The text screening is performed on the text set to be screened according to the classification result, and a text candidate set is obtained, including:

And carrying out text screening on the text set to be screened according to the classification result and the clustering result to obtain the text candidate set.

3. The method according to claim 2, wherein the clustering result includes M clusters, M is an integer greater than 1, and wherein the text filtering the text set to be filtered according to the classification result and the clustering result, to obtain the text candidate set, includes:

aiming at the M clustering clusters, entropy corresponding to a classification result of each text in each clustering cluster is respectively obtained;

respectively obtaining the average entropy corresponding to each cluster;

And carrying out text screening on the text set to be screened according to the average entropy corresponding to each cluster, and obtaining the text candidate set.

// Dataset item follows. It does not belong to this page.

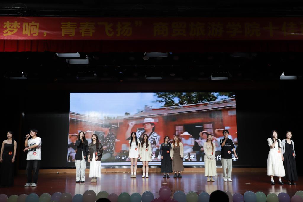 经过海选和复赛选拔,12名选手脱颖而出,来到决赛现场继续角逐。选手们将情感融入歌声,或激烈炽热、或温柔欢快、或空灵婉转,现场观众时时爆发出热烈的掌声。商贸艺术团舞蹈队带来的《sheesh》和动漫社的《星之轨迹》cosplay走秀,进一步将现场气氛推向高潮。最后,十二名选手共同带来歌曲《稻香》,现场观众一起跟着哼唱,将大赛氛围烘托到极致。经过激烈的较量,戴丹丹、陈瑞希、李嘉诚三位同学荣获十佳歌手冠、亚、季军。

4. The method of claim 3, wherein the text filtering the text set to be filtered according to the average entropy corresponding to each cluster, to obtain the text candidate set, includes:

selecting N cluster clusters with average entropy larger than a preset threshold value from the M cluster clusters, wherein N is an integer smaller than M;

and taking the texts of the N clusters as the text candidate set.

5. The method according to any one of claims 1 to 4, further comprising:

Training the text classification model by using a labeling text, wherein the labeling text is obtained by labeling the text to be labeled.

6. The method according to any one of claims 1 to 4, wherein performing text classification on the text in the text set to be screened by using the text classification model to obtain a classification result includes:

acquiring a text representation of each text in the text set to be screened by using the text classification model;

and obtaining the probability of multiple tag dimensions according to the text representation to serve as the classification result.

7. The method of any one of claims 1 to 4, wherein the new tag comprises a user somatosensory type tag comprising at least one of endurance, noise, measurement accuracy.

8. A tag discovery apparatus, comprising:

The classification module is used for classifying texts in the text set to be screened by using the text classification model to obtain classification results;

the screening module is used for carrying out text screening on the text set to be screened according to the classification result to obtain a text candidate set, wherein the classification category of the text in the text candidate set does not belong to the existing label;

The first clustering module is used for carrying out text clustering on the text candidate set to obtain K clustering clusters, wherein K is an integer greater than 1;

And the selecting module is used for selecting texts to be marked from the K cluster clusters respectively so as to mark the texts to be marked conveniently and obtain new labels.

9. A computer readable storage medium storing a computer program for executing the method of any one of the preceding claims 1 to 7.

10. An electronic device, the electronic device comprising:

A processor;

A memory for storing the processor-executable instructions;

the processor being adapted to perform the method of any of the preceding claims 1 to 7.